# Rediseño del JLH: ¿es posible?



## diegomj1973 (Jun 22, 2014)

El circuito que acerco es un rediseño personal del mítico amplificador que John Linsley Hood presentó hace 45 años atrás (1969). Del circuito original se han desprendido algunas variantes, incluída una de Nelson Pass (PLH) y otra de Rod Elliott (DOZ). Surgido entre simulaciones e ideas personales. Está en su fase de implementación práctica: por el momento, solo llevo construída su fuente de alimentación y probadas sus fuentes de corrientes (aunque de estas últimas tengo probadas exitosamente tres variantes más, de las que tengo intenciones de probar seguramente dos de ellas). Los resultados de las simulaciones son bastante prometedores.





Como características principales hay:

Se elimina un gran condensador en el lazo de realimentación, con muchos beneficios: económicos, se mejora la distorsión y se da una sola pendiente a la izquierda del corte en baja frecuencia (habría que analizar, posteriormente, si estos dos últimos beneficios tienen impacto sónico perceptible).

Se emplean dos fuentes de corriente constante: una para el transistor de entrada y otra para el splitter de fase, contribuyendo a una mejor linealidad y mayor PSRR. Para lograr mayor PSRR se ha jugado con los puntos a los cuales van conectadas las resistencias de polarización de las fuentes de corriente constante (extremo inferior de la resistencia inferior de 15 K y 30 K, respectivamente: la primera a -V y la última a 0 V). Paradójicamente, para obtener el más alto PSRR, se ha bootstrapeado solamente la primera fuente de corriente constante: ya que si se implementaba el bootstrap simultáneamente en las dos fuentes (como en una de las variantes conocidas), no se obtenía el más alto PSRR resultante.

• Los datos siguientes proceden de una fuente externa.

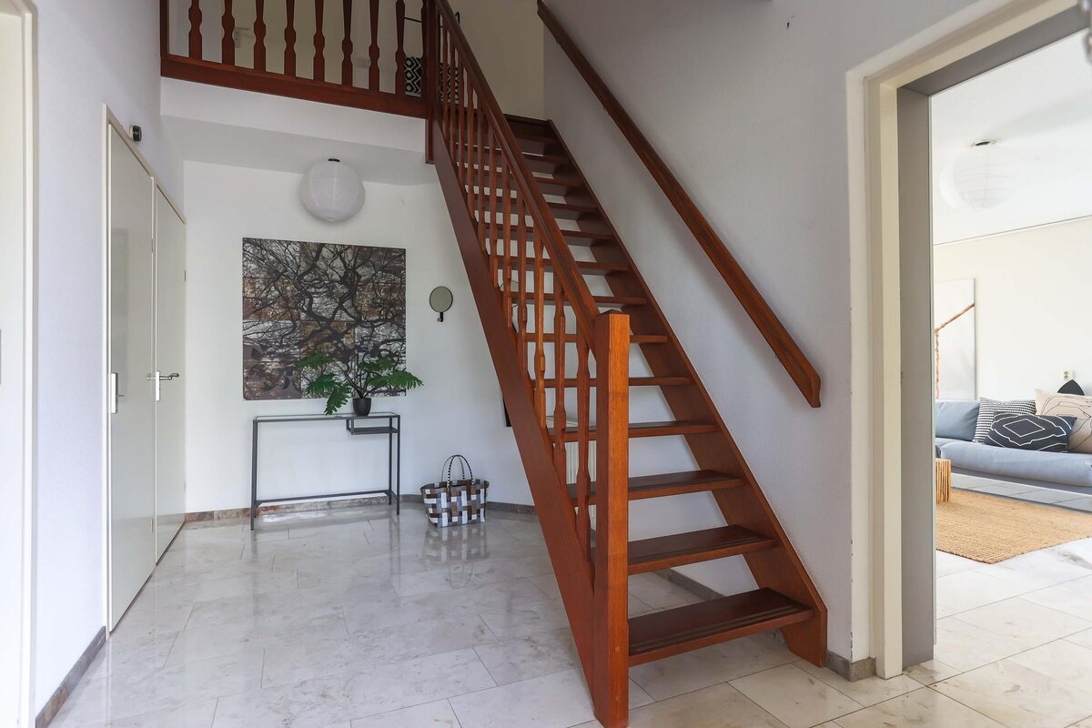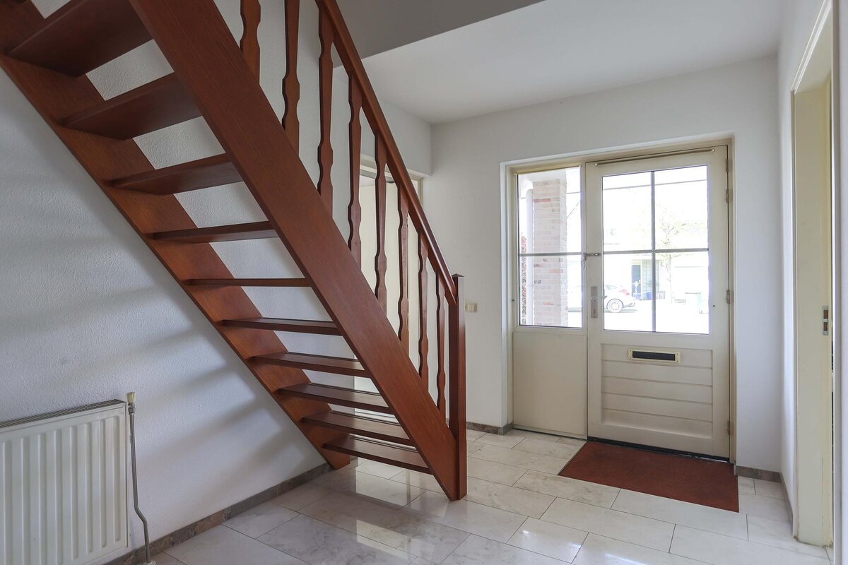 Begane grond: entree/hal (lekker ruim van formaat), meterkast, hangend toilet, slaapkamer van 16 m2 met doorloop naar de 1e badkamer van 5 m2, lichte en riante L-vormige woonkamer circa 51 m2 (vloerverwarmd) met schuifpui naar de tuin, half open keuken met een nette keukeninrichting. Riante bijkeuken met wasmachineaansluiting en doorloop naar de ruime garage van 27 m2. Eerste verdieping: overloop, 3 flinke slaapkamers (26, 16 en 14 m2), waarvan 1 met inloopkast en een betegelde (2e) badkamer (11 m2) met douche, hoekbad, twee wastafels en een tweede toilet.Tweede verdieping: via vlizotrap te bereiken zolder (bruto vloeroppervlak van 37 m2).

La salida se implementó con mosfets: que resultan más lineales que sus pares BJTs, cuando se los trabajan fuertemente polarizados en clase A. Ésto trae un beneficio adicional (mi principal y primera idea de mejora al original): el transistor splitter trabaja a verdadera corriente constante, a diferencia del JLH original en el que conforme los transistores de salida cambian su conducción van "robando" linealidad al splitter, ya que es muy difícil que haya simetría respecto a un punto de reposo en la curva de variación de hFE con Ic en cada transistor e incluso entre ambos transistores simultáneamente. A continuación, vemos lo que explico en los MJ15003, utilizados en el JLH actual:



En esas curvas, se ve claramente que si nuestra corriente de reposo es cercana a 1 A, la simetría en el hFE vs. Ic en cada transistor y entre los dos transistores de salida ya no existe y, de esa forma, "roban" linealidad al splitter que los alimenta y, probablemente, arrastre problemas hacia la etapa primera también, ya que el splitter es otro BJT expuesto a este mismo problema (pudiendo variar su requerimiento de corriente conforme varíe la amplitud de la señal a su entrada).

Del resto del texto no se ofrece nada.